For the EW variant, the decay naturally keeps sums bounded —
less susceptible to this issue.
## Configuration
### OLS
```rust
use nexus_stats::regression::LinearRegressionF64;
// Standard: y = ax + b
let mut r = LinearRegressionF64::new();
// Through origin: y = ax
let mut r = LinearRegressionF64::through_origin();
// Builder (for explicit config)
let mut r = LinearRegressionF64::builder()
.intercept(false)
.build()
.unwrap();
```
### Exponentially-Weighted
```rust
use nexus_stats::regression::EwLinearRegressionF64;
let mut r = EwLinearRegressionF64::builder()
.alpha(0.05) // weight on new observation
.intercept(true) // default
.build()
.unwrap();
```
`alpha` controls adaptation speed:
- `alpha = 0.01` → slow adaptation, smooth (~100-sample effective window)
- `alpha = 0.1` → fast adaptation, responsive (~10-sample window)
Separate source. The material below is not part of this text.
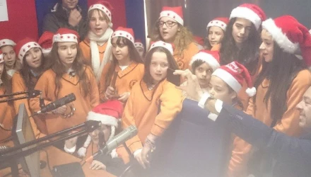 Οι υπέροχες φωνές από τα παιδιά της χορωδίας του Αριστοτελείου Κολλεγίου ψάλλουν ζωντανά στον αέρα του Αθλητικού Metropolis τα κάλαντα

- Effective window ≈ `2/alpha - 1`
## Examples by Domain
### Trading — Price Trend
```rust
let mut trend = LinearRegressionF64::new();
// Feed (sequence, price):
for (i, price) in prices.enumerate() {
trend.update(i as f64, price);
}
match trend.slope() {
Some(s) if s > 0.0 => println!("uptrend: +{s:.4}/tick"),
Some(s) => println!("downtrend: {s:.4}/tick"),
None => println!("not enough data"),
}
```
### Monitoring — Latency Trend with Adaptation
```rust
let mut trend = EwLinearRegressionF64::builder()
.alpha(0.02)
.build()
.unwrap();
// Per request:
trend.update(elapsed_secs, latency_us);
if let Some(slope) = trend.slope() {
if slope > 1.0 {
// Latency increasing at > 1 μs/sec
alert("latency trending up");
}
}
```
### Science — Calibration Curve
```rust
let mut cal = LinearRegressionF64::new();
for (reading, reference) in calibration_data {
cal.update(reading, reference);
}
if let Some(r2) = cal.r_squared() {
if r2 > 0.99 {
// Good linear calibration
let slope = cal.slope().unwrap();
let offset = cal.intercept_value().unwrap();
println!("calibration: y = {slope:.4}x + {offset:.4}");
}
}
```
### Proportional Fit (Through Origin)
```rust
// "How many units per dollar?" — proportional relationship
let mut r = LinearRegressionF64::through_origin();
for (dollars, units) in transactions {
r.update(dollars, units);
}
println!("rate: {:.2} units/$", r.slope().unwrap());
```
## LinearRegression vs EMA
| What it gives you | Slope + intercept + R² | Smoothed value |
| Answers | "What's the rate of change?" | "What's the current level?" |
| Model | y = ax + b (parametric) | Weighted average (non-parametric) |
| Memory | 48 bytes | 24 bytes |
| Update cost | ~6 cycles | ~5 cycles |
Use LinearRegression when you need the *trend direction and rate*.
Use EMA when you need a *smoothed current value*.
## Performance
| `LinearRegressionF64::update` | ~6 cycles |
| `slope()` query | ~5 cycles |
| `r_squared()` query | ~8 cycles |
| `predict(x)` query | ~6 cycles |
No matrix solve — all queries are direct formulas.